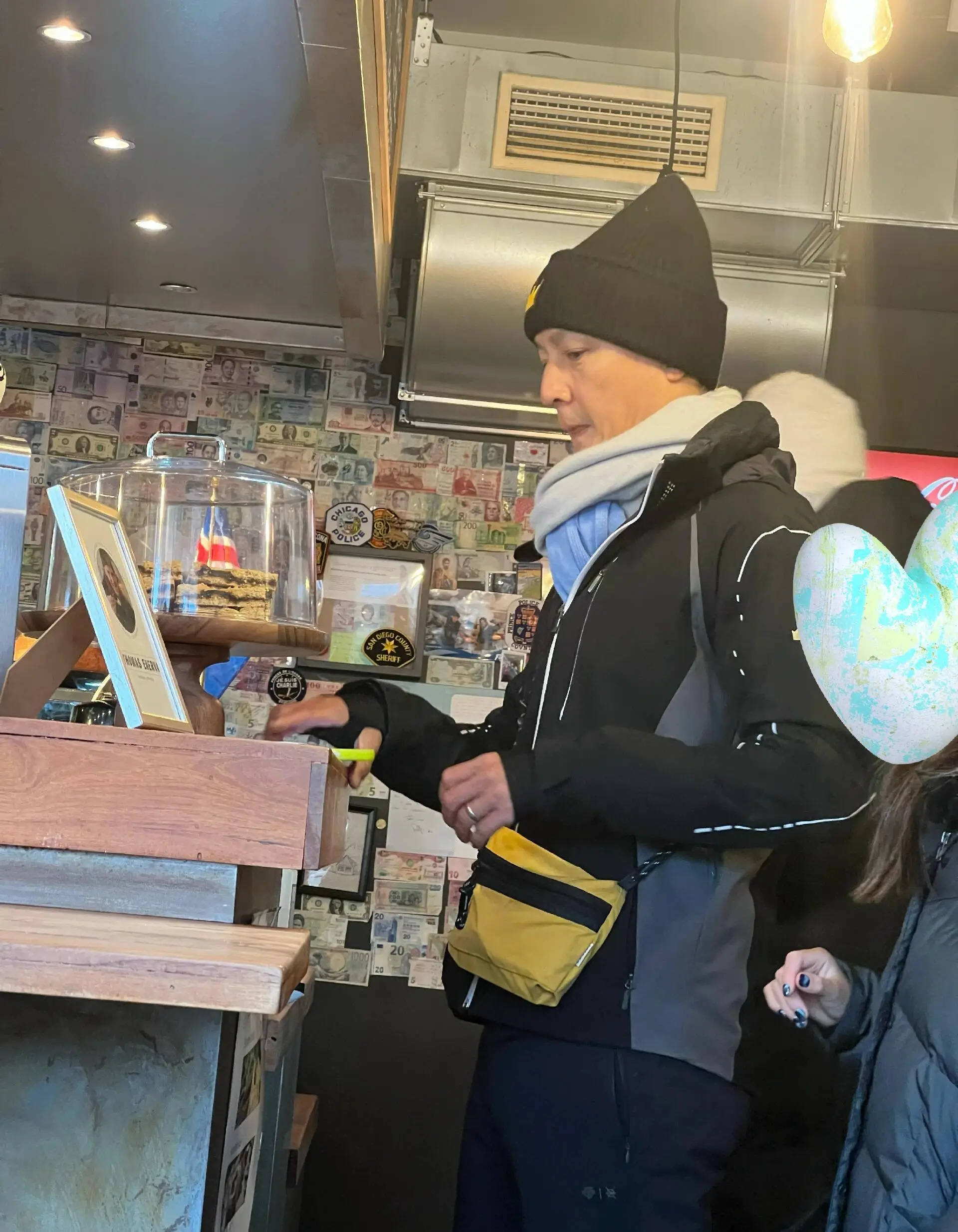 吴彦祖与家人在冰岛度假,在餐厅用餐时被网友偶遇,他正在前台取餐,戴着帽子和围巾,穿搭舒适又保暖。
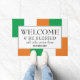 IRISH FLAG Welcome Be Benessed Ireland Doormat with CUSTOMIZABLE TEXT (BEM-VINDO BEM-VINDO BEM-VINDO À Irlanda) com TEXTO PERSONALIZÁVEL. Na moda, patriota WELCOME Doormat com a redação WELCOME & BE BLESSED ALL WHITER ENTER AQUI mais o nome da amostra. O pano de fundo é a bandeira da REPÚBLICA DA IRLANDA num padrão ondulado grande e deslocado. Todo o texto é PERSONALIZÁVEL para que você possa alterar o texto de acordo com suas necessidades, por exemplo, adicionar nome da família, lema da família, citação inspiradora. Esta porta irlandesa de bandeira faria um excelente adicional à sua decoração de varanda para comemorações de Dia de São Patrício.
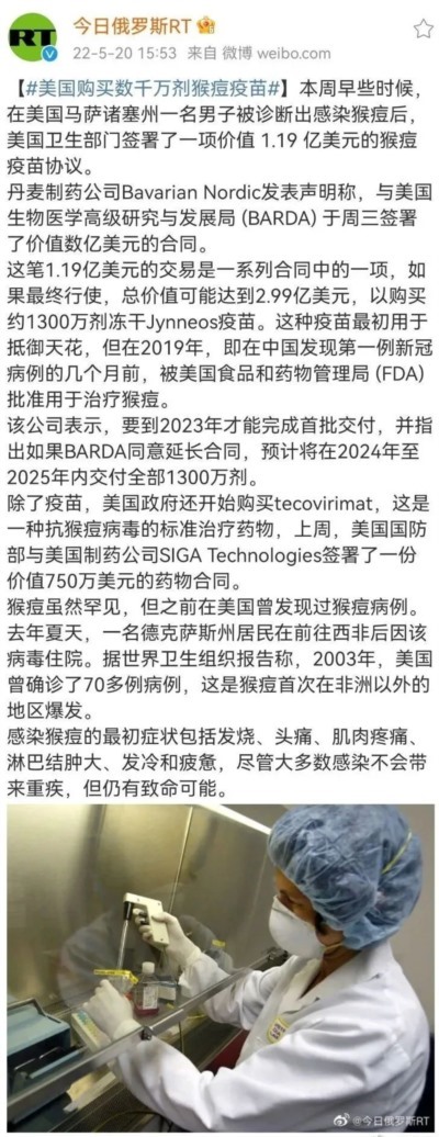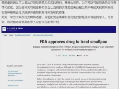 从时间上看,在2003年和2022年美国两次出现猴痘之前,美国军方分别在2002年和2021年,提前接种过研制的天花疫苗,两次都表现出超强的预见性。
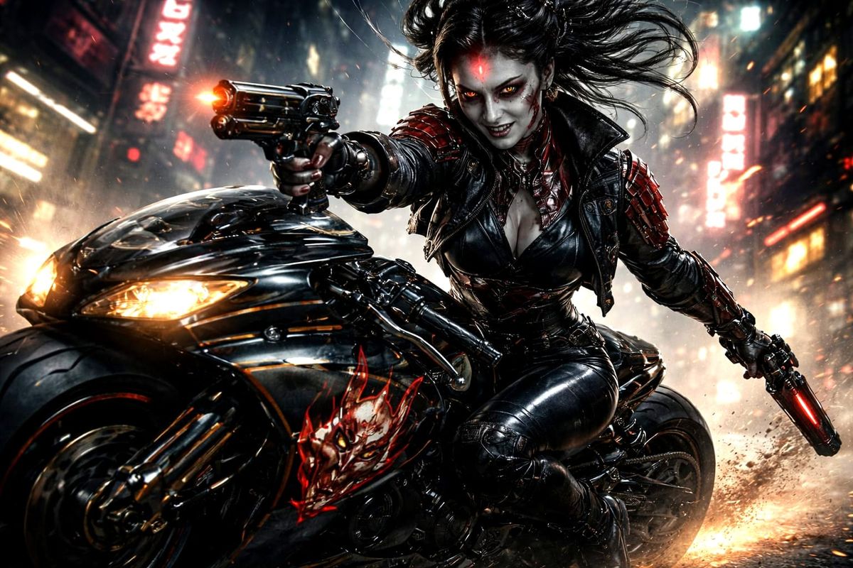 This striking image depicts a formidable Japanese woman in a cyberpunk style, blending Geisha and samurai elements with cybernetic enhancements. A futuristic motorcycle with red neon lighting speeds through a dark, neon-lit Tokyo street.
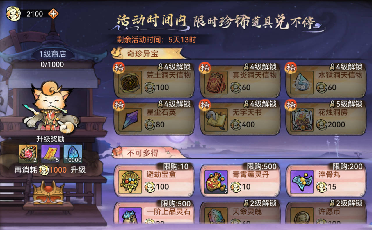 活动期间,祖师每消耗1枚寻仙令即可获得10仙缘币。
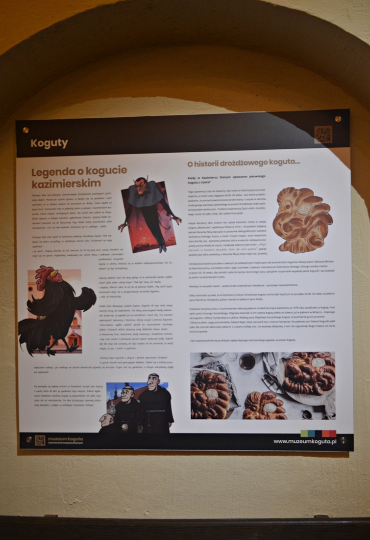 Legendę o kazimierskim kogucie poznaliśmy w istniejącym od 2021 roku Muzeum Koguta i Kazimierskich Tradycji Kulinarnych. Miejsce to znajduje się w kamienicy z piekarnią rodziny Sarzyńskich, w zabytkowych 17-wiecznych piwnicach. Główną atrakcją muzeum są niewątpliwie warsztaty wyplatania drożdżowego koguta – zabawa dobra zarówno dla dzieci, jak i dorosłych.
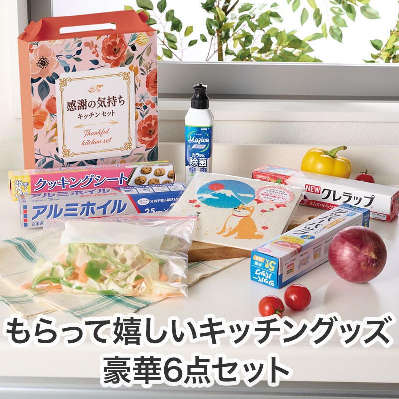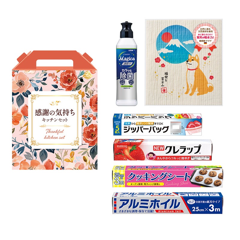 | 備考 | 内容:ライオン CHARMY Magica(速乾+カラッと除菌 シトラスミントの香り) 220ml・NEWクレラップ22cm×10m・ジッパーバッグ(5枚入)・アルミホイル25cm×3m・クッキングシート25cm×3m・エコふきん 各1食品検査済(クレラップ・ジッパーバッグ・アルミホイル・クッキングシート) |
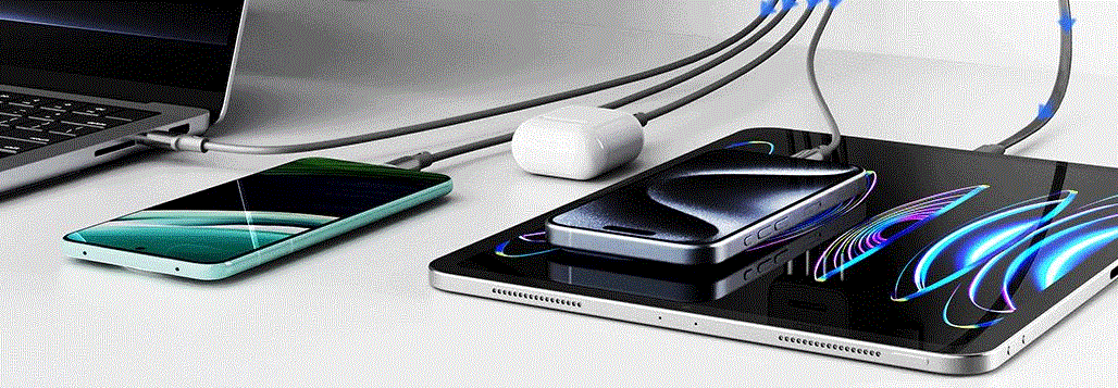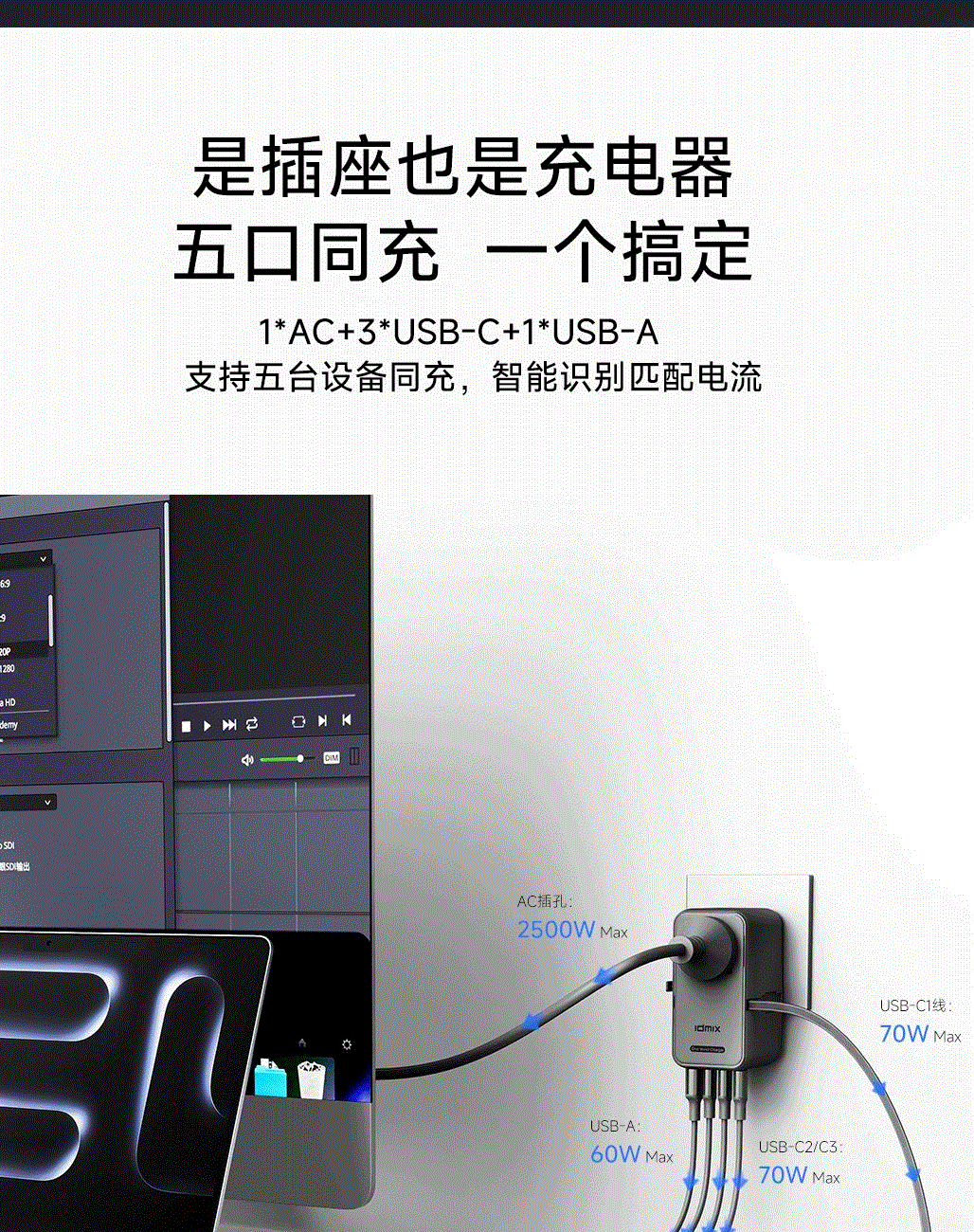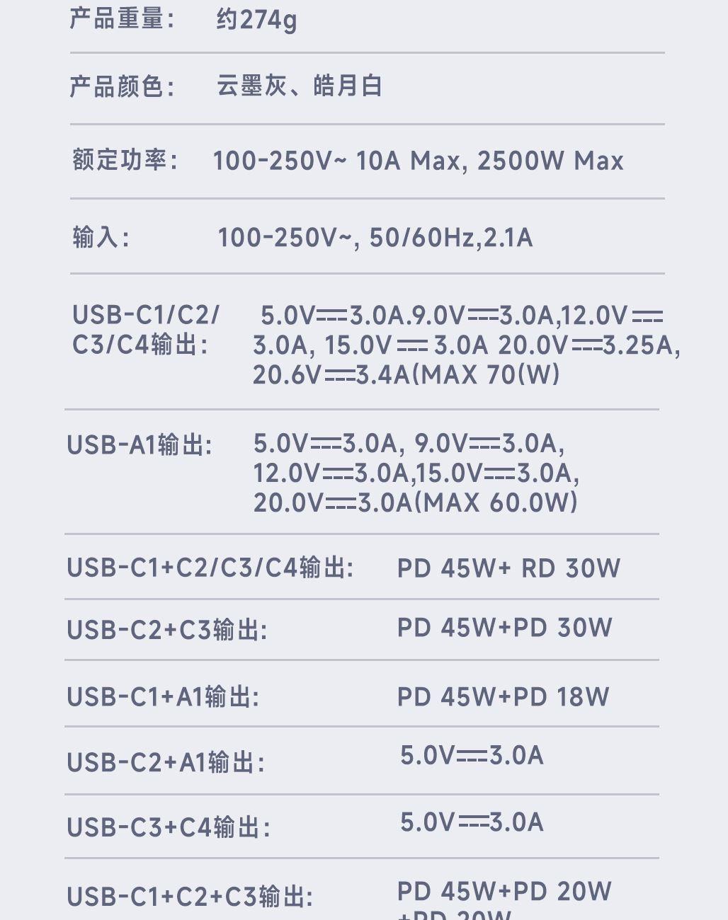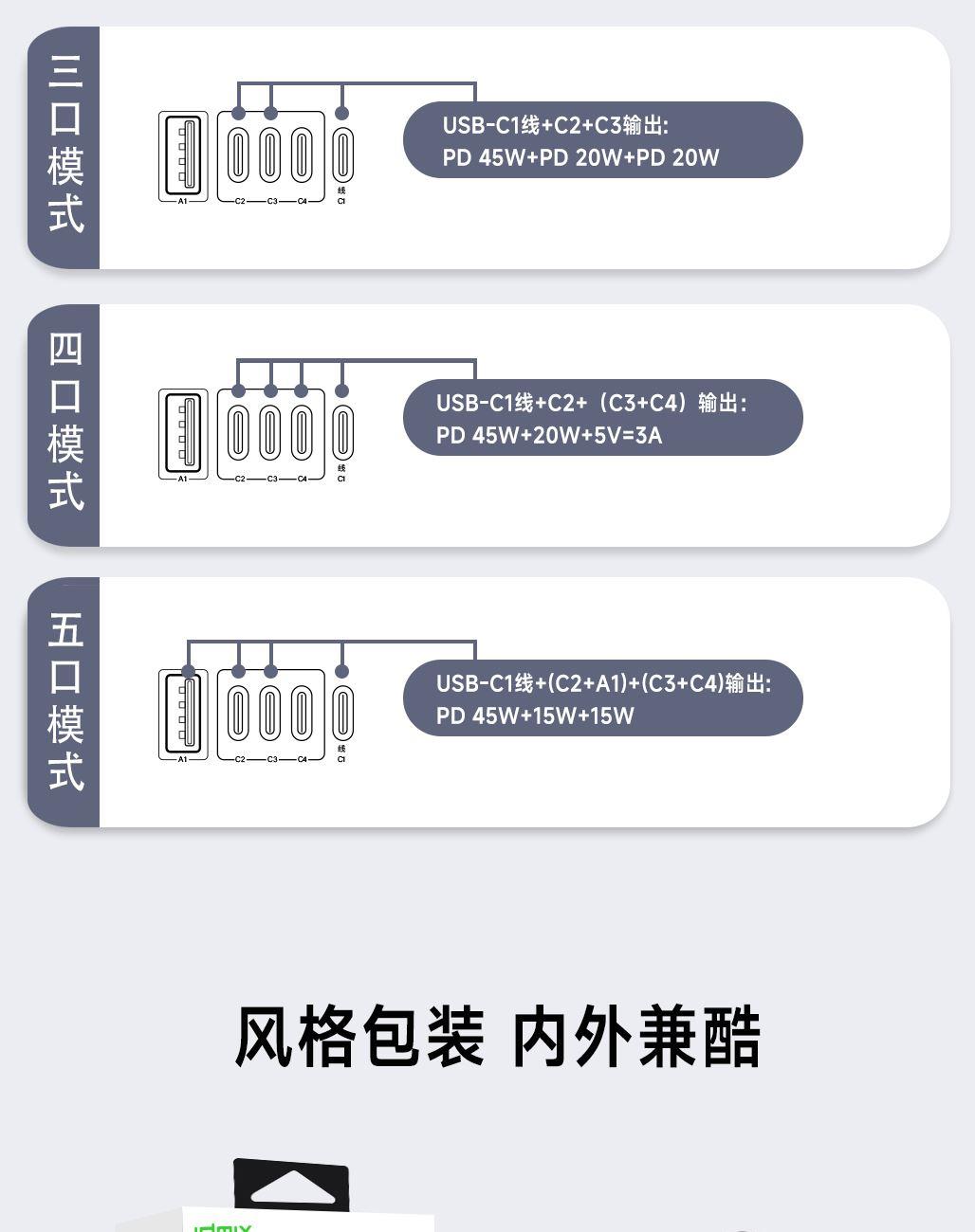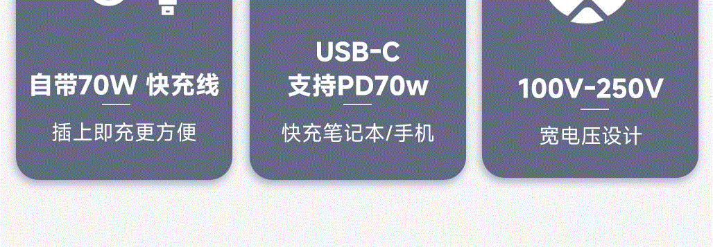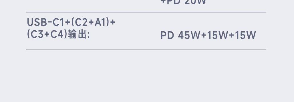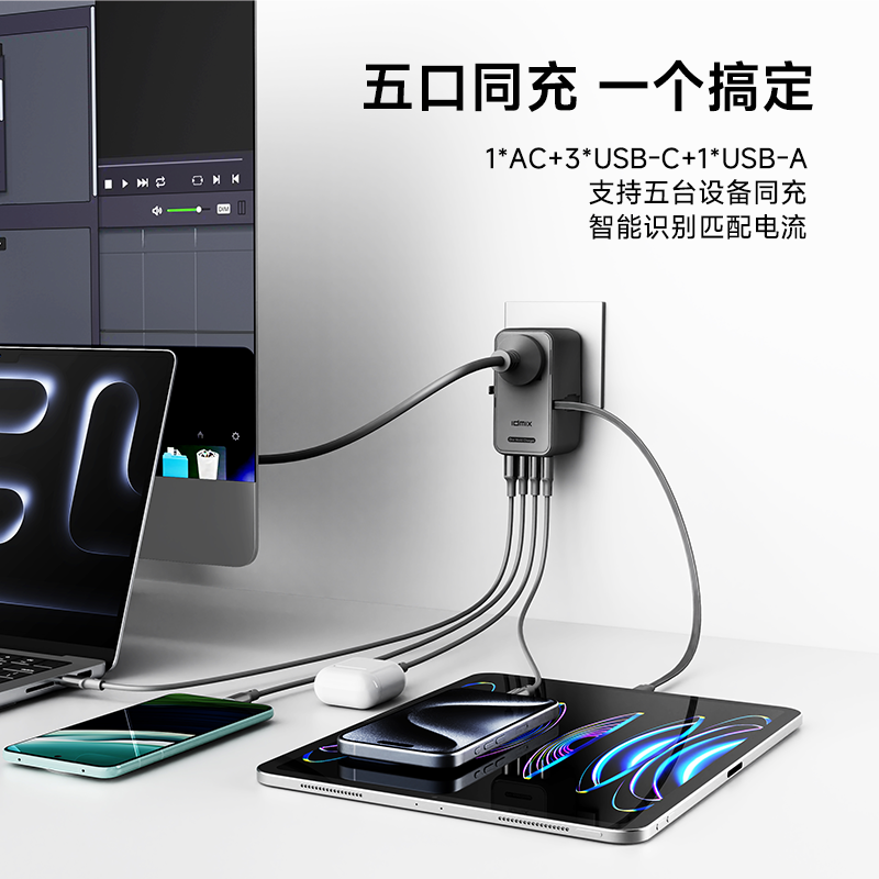 五口充电AC+USB-A+3*USB-C,USB-C支持PD70W,USB-C1+C2+C3同时输出,支持PD85W飚速快充,可为笔记本、平板电脑、手机等多种设备充电,多个设备同时充电,功率自动分配
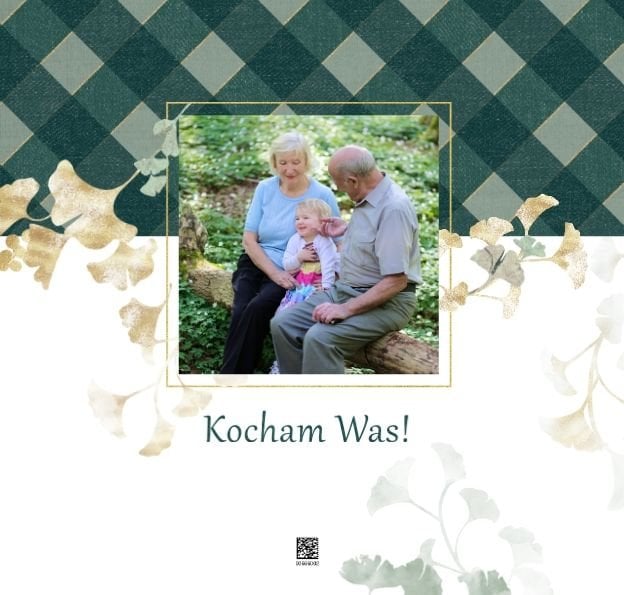 Szablon "Najukochańszym Dziadkom" to oryginalna kompozycja - połączenie ciemnej i eleganckiej kratki oraz wielobarwnego miłorzębu. Całość szablonu jest bardzo gustowna, co z całą pewnością przypadnie do gustu kochanym Dziadkom i idealnie wpasuje się w najzwyklejsze zdjęcia, również te z Twojego telefonu.

TASK GOAL
Each line from the one with "Legendę o kazimierskim" to the end of the material needs to be output word for word, with no picture included.

RESPONSE TO THE EXERCISE
 Legendę o kazimierskim kogucie poznaliśmy w istniejącym od 2021 roku Muzeum Koguta i Kazimierskich Tradycji Kulinarnych. Miejsce to znajduje się w kamienicy z piekarnią rodziny Sarzyńskich, w zabytkowych 17-wiecznych piwnicach. Główną atrakcją muzeum są niewątpliwie warsztaty wyplatania drożdżowego koguta – zabawa dobra zarówno dla dzieci, jak i dorosłych.
 | 備考 | 内容:ライオン CHARMY Magica(速乾+カラッと除菌 シトラスミントの香り) 220ml・NEWクレラップ22cm×10m・ジッパーバッグ(5枚入)・アルミホイル25cm×3m・クッキングシート25cm×3m・エコふきん 各1食品検査済(クレラップ・ジッパーバッグ・アルミホイル・クッキングシート) |
 五口充电AC+USB-A+3*USB-C,USB-C支持PD70W,USB-C1+C2+C3同时输出,支持PD85W飚速快充,可为笔记本、平板电脑、手机等多种设备充电,多个设备同时充电,功率自动分配
 Szablon "Najukochańszym Dziadkom" to oryginalna kompozycja - połączenie ciemnej i eleganckiej kratki oraz wielobarwnego miłorzębu. Całość szablonu jest bardzo gustowna, co z całą pewnością przypadnie do gustu kochanym Dziadkom i idealnie wpasuje się w najzwyklejsze zdjęcia, również te z Twojego telefonu.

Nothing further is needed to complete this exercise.